I finally broke down and told DH what's been going on tonight, and he suggested I tell you lovely people and see if you could give me any coping strategies.
DS is 15 weeks old, and he's absolutely wonderful. I had very bad antenatal depression that is really well controlled now with citalopram. My mood is great, the mental health team looking after me is very impressed with how well I am doing.
However....for about the last week or two, I've been having these really intrusive thoughts about DS being hurt. It's to the point where it keeps me awake and sometimes crying most nights. And now it's starting to happen during the day too. I've just been sobbing in front of DH, didn't even want to tell him what exactly the thoughts were, but he finally convinced me.

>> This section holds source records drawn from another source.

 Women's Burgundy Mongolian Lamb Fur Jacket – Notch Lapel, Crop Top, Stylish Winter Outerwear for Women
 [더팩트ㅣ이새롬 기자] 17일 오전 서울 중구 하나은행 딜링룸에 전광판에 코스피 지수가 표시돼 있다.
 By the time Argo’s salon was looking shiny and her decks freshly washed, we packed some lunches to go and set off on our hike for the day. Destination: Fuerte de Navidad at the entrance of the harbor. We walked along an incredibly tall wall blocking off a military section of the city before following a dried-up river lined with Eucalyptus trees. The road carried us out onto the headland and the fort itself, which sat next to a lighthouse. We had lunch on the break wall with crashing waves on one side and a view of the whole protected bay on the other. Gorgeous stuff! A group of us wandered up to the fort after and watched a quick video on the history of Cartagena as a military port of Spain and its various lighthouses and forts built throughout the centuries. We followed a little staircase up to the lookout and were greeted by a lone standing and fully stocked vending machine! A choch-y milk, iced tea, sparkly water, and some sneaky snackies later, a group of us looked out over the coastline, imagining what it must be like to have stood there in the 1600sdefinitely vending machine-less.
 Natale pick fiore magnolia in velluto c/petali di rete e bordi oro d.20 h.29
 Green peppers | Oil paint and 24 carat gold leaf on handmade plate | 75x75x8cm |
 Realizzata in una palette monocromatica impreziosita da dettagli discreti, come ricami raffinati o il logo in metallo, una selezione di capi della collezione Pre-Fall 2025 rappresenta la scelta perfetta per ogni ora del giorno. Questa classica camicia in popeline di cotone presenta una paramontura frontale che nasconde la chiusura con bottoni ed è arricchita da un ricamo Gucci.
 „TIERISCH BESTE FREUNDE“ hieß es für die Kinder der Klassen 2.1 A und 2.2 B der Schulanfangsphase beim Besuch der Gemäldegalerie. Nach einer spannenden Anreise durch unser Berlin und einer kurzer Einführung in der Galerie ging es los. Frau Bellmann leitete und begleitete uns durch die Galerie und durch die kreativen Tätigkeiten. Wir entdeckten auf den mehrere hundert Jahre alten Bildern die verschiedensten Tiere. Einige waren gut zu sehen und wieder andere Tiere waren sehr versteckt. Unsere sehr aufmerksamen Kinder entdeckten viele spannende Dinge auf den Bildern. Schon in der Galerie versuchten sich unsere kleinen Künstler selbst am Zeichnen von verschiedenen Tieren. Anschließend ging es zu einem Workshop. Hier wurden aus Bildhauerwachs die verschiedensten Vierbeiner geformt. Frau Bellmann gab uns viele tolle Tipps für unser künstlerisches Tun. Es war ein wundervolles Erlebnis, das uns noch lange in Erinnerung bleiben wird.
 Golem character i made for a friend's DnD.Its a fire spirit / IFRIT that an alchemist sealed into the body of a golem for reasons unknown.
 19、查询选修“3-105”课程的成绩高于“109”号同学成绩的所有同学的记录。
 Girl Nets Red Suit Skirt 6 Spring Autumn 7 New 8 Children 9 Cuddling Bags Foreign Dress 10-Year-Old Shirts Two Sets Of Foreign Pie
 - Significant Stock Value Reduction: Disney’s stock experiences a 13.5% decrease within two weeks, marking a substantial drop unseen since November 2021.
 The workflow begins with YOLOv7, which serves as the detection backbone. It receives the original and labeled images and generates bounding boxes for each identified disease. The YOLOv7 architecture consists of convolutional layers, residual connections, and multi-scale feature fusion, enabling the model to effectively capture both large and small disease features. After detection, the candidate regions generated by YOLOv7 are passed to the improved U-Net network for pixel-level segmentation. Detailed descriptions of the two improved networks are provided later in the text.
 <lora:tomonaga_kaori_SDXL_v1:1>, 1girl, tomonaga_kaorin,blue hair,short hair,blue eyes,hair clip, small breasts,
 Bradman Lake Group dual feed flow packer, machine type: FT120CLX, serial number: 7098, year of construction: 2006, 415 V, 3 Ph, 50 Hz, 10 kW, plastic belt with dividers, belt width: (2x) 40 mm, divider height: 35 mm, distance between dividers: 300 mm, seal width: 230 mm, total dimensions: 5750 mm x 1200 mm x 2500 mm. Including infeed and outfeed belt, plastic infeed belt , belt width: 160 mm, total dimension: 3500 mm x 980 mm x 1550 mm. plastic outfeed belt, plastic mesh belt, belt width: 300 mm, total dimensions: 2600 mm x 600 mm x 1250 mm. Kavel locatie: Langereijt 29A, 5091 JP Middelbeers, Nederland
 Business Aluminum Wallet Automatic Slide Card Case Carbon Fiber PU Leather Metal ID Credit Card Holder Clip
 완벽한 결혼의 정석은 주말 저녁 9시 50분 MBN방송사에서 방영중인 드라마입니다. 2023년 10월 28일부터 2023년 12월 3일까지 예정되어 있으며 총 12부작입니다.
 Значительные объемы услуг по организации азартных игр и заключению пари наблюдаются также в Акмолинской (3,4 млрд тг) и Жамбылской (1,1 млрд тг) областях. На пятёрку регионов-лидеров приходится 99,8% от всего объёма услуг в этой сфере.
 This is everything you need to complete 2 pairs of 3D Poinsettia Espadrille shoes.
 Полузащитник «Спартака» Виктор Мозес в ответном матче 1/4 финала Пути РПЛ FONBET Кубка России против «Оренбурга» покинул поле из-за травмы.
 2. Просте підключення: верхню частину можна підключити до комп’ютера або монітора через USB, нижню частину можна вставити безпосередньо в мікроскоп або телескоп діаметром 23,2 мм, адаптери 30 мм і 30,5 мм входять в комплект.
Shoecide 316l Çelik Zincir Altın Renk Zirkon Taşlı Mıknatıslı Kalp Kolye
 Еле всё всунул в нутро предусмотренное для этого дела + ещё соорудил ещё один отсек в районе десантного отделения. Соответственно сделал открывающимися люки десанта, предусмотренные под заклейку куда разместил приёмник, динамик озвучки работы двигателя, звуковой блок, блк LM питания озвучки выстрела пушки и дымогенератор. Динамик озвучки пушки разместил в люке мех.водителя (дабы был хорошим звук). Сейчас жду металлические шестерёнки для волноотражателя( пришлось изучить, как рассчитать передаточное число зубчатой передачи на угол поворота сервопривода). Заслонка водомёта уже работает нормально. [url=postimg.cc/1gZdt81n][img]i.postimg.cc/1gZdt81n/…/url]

I keep imagining someone stomping on DS's head. It's not me, it's someone else, usually teenage boys, and they've got DS on the ground and are kicking him and stomping on him. I am crying now just writing that. It's so awful, and the more I try not to think about it, the worse it gets.
DH has been looking up info on intrusive thoughts and all evidence seems to be that this is really common for new parents. I want to stress I have no thoughts of deliberately hurting him myself. I don't think I have PND.
I would love to hear if anyone has any suggestions as to how I can make it stop? And frankly would really like to know I'm not alone in this. I should be sleeping loads as DS sleeps through the night, but I'm getting more and more tired from lying awake every night.